Dans ce quinzième épisode, nous allons parler de deux nouvelles de Mike Resnick (une très courte, une d’une taille conséquente) et d’une autre de Nancy Kress. Sachez que vous pouvez, par ailleurs, retrouver les anciens épisodes de cette série d’articles sur cette page ou via ce tag.

Le dieu pâle – Mike Resnick

Je vous ai déjà parlé de Mike Resnick, en 2017 dans le septième numéro de l’Œil d’Apophis, et en 2019 dans mon Guide de lecture du Planet Opera. Mais si je vous ai démontré que c’était un excellent romancier, je ne vous ai pas encore parlé de ses nouvelles, également très intéressantes. Je vais donc vous en présenter deux dans cet article, et je vous reparlerai de l’auteur dans des épisodes ultérieurs de l’Anthologie Apophienne. Commençons par Le dieu pâle, nouvelle de quatre pages seulement mais à la puissance colossale, que l’on peut trouver dans l’excellent recueil Sous d’autres soleils (qui n’est plus réédité depuis longtemps mais se trouve aisément d’occasion). Ladite divinité comparaît devant un conseil des déités suprêmes des différents peuples africains, qui l’accusent des crimes de Paix, Vie, Miséricorde, Amour, Compassion et Espoir. Avant qu’il ne prononce sa sentence, Anubis tient à entendre la défense de celui qui a envahi le continent.
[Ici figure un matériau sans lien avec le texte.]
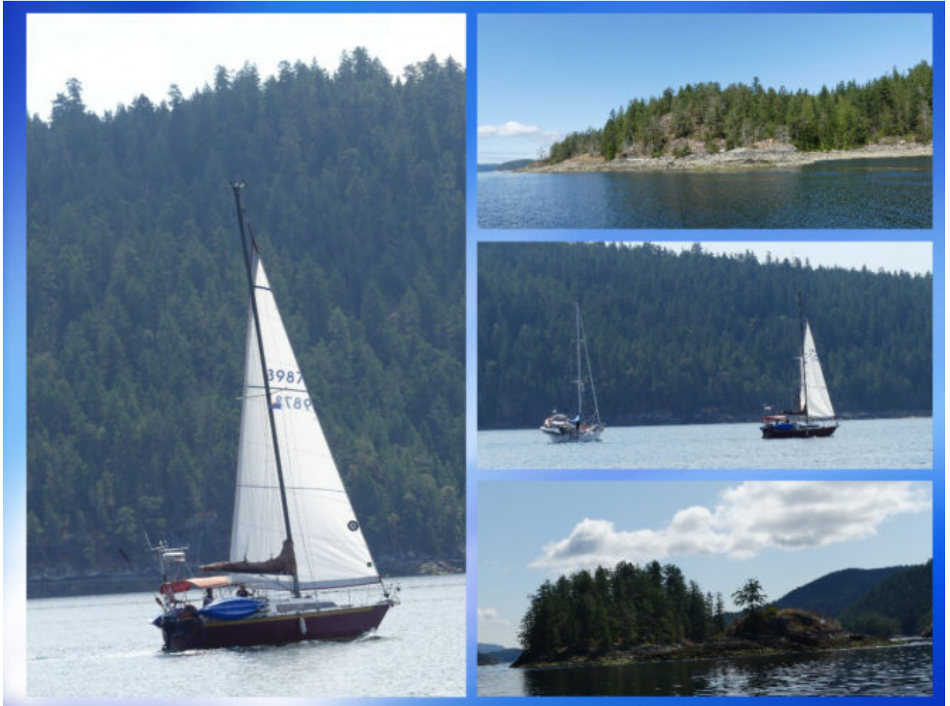
Saracen and Antares merrily sailing up Malaspina Inlet

Looking behind, I noticed some chopped up Styrofoam and a red shadow a half meter under the surface. I drifted for a while to assess and could not see anything floating out astern other than the Styrofoam bits. Eventually, I gently shifted into reverse to back off anything that might have been tied to the foam. Then after a length or so, I shifted into forward at an idle for a few seconds before drifting again, watching carefully on all sides. Seeing nothing, I contemplated having a cup of tea, but when another sailboat came up astern, I waved them over and asked if they could carefully drift past and see what they could see that might have gone clunk-clunk. Sure enough, they saw a line pulling down from behind our keel and into the deep. There was no sign of anything else. I tried backing up a few seconds and drifting, then forward a couple of seconds to drift and suddenly the engine stopped. OK, let's try a very brief reverse to untangle anything that might have caught the prop. The engine was even faster to stop this time.

Et là…

Le dieu pâle, charge anticléricale sans compromis mais d’une rare intelligence dans sa facture (on devrait la faire lire à tous les auteurs français de Fantasy qui tentent la même chose avec une confondante balourdise !), est un bijou d’écriture, un modèle dans la forme très courte, à la fin d’une rare puissance. C’est sans conteste la seconde meilleure nouvelle d’un recueil qui compte pourtant une écrasante majorité de textes de très haut niveau. C’est dire !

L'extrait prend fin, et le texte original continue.